Zwei Monate war er mit seinen Freunden mit den beiden Bands unterwegs. Von Finnland bis Portugal ging die Reise im Tourbus, den man sich mit den Amerikaner teilte. 40 Konzerte wurden in dieser Zeit von den drei Bands gespielt, mal vor mehr als 1000 coolen Skandinaviern, mal vor total enthusiastischen Franzosen. "Die beiden ersten Wochen waren schon ganz schön hart, aber dann hat man Routine bekommen". Von der Kondition her sei die Tour kein Problem gewesen, meinte Müller. 45 Minuten durften sich Kissin Dynamite als Opener auf der Bühne austoben, wobei die Setlist mit den Stücken, die sie spielten, fast ausschließlich aus Songs des jüngsten Albums bestand.

Es gab eine Tagesroutine, die sich mit der Zeit so einpendelte, dass man gegen 14 Uhr im Bus aufwachte, der in irgendeiner Stadt stand. Man suchte dann zunächst nach der Konzerthalle in der Nähe. Es folgte möglichst ein üppiges Frühstück, "die einzige feste Nahrung den Tag über", lacht Müller. Es sei total unterschiedlich gewesen, was einen dabei erwartete. Mal lagen vom Konzertveranstalter zwei Dosen Bier und 10 Euro da, die wohl für sechs Personen reichen sollten, mal wurde richtig getafelt. Besonders knickrig seien die Spanier gewesen, so Jim Müller.

Danach Aufbau, Soundcheck, Haare richten, was vor allem bei ihm und Sänger Hannes seine Zeit brauchte. Fürs Duschen reichte es meistens nicht mehr, das folgte nach dem Auftritt. Jedenfalls manchmal. Was immer folgte war die Riesenparty bis in den Morgen hinein. Nicht immer klappte es danach mit dem geordneten Rückzug in den Tourbus. In Belgien etwa verlor man Gitarrist Ande. Der war am Nachmittag nicht an Bord und auch nicht über sein Handy zu erreichen. Das hatte er verloren. Erst fünf Tage später meldete sich der verlorene Gitarrist wieder. Zwischenzeitlich hatte man einen Ersatzmann anheuern müssen. In Helsinki sprang Ande wieder auf, dem ein Flug nach Finnland gebucht worden war. Eine der Aufregungen einer aufregenden Tour, die keiner der jungen Schwaben so schnell vergessen wird.

Dabei steht der nächste Knüller schon bevor. Im Februar werden Kissin Dynamite an einem Melodic Metal Festival in Japan teilnehmen, Konzerte in Osaka (9. Februar) , Nagoya (10. Februar) und Tokyo (11. Februar) spielen. Weitere Bands werden sein: Jaded Heart, Atvance (beide aus Deutschland), Dreamstoria (Japan) und Mystery (Australien). Vom Veranstalter waren Kissin Dynamite angeschrieben worden, ob man Interesse an Auftritten in Japan habe. "Wir dachten, schwätzet no", lacht Müller. Zur großen Überraschung kam schnell das OK mitsamt den nötigen Visaanträgen, nicht nur für die Band, sondern auch für die Crew, so dass man zu Neunt nach Japan fliegen wird. Dort gibt es offensichtlich schon viele KD-Fans, die sich die japanische Version der Alben kaufen können.

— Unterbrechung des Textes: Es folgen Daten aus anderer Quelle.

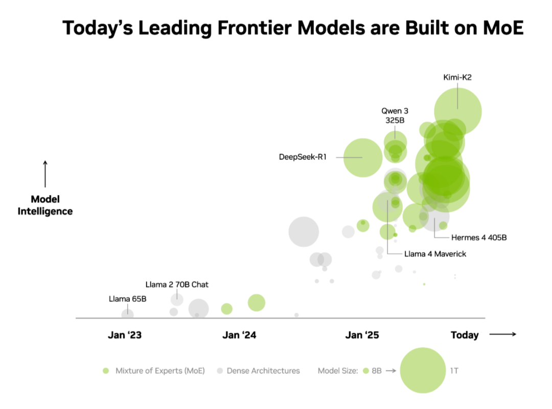据统计,自2025年以来,超60%开源AI采用了MoE架构,从2023年初,这一架构推动LLM智能水平提升近70倍。

Bis Ende Mai ist ansonsten aber "schöpferische Konzertpause". Gearbeitet wird bereits intensiv am nächsten Album und im Frühling wird es immer wieder ins Tonstudio nach Flensburg gehen. Sechs Songs sind bereits als Demos aufgenommen, mindestens 30 sollen es werden, aus denen dann rund ein Dutzend ausgewählt werden für die nächste CD, die Anfang 2014 auf den Markt kommen soll. Im Sommer werden Kissin Dynamite wieder auf Festivals zu sehen sein, etwa in Slowenien oder in Schweden, in der Region Anfang Juni in Dächingen und Anfang Juli in Wilsingen, ehe man an der nächsten eigenen Tournee basteln will.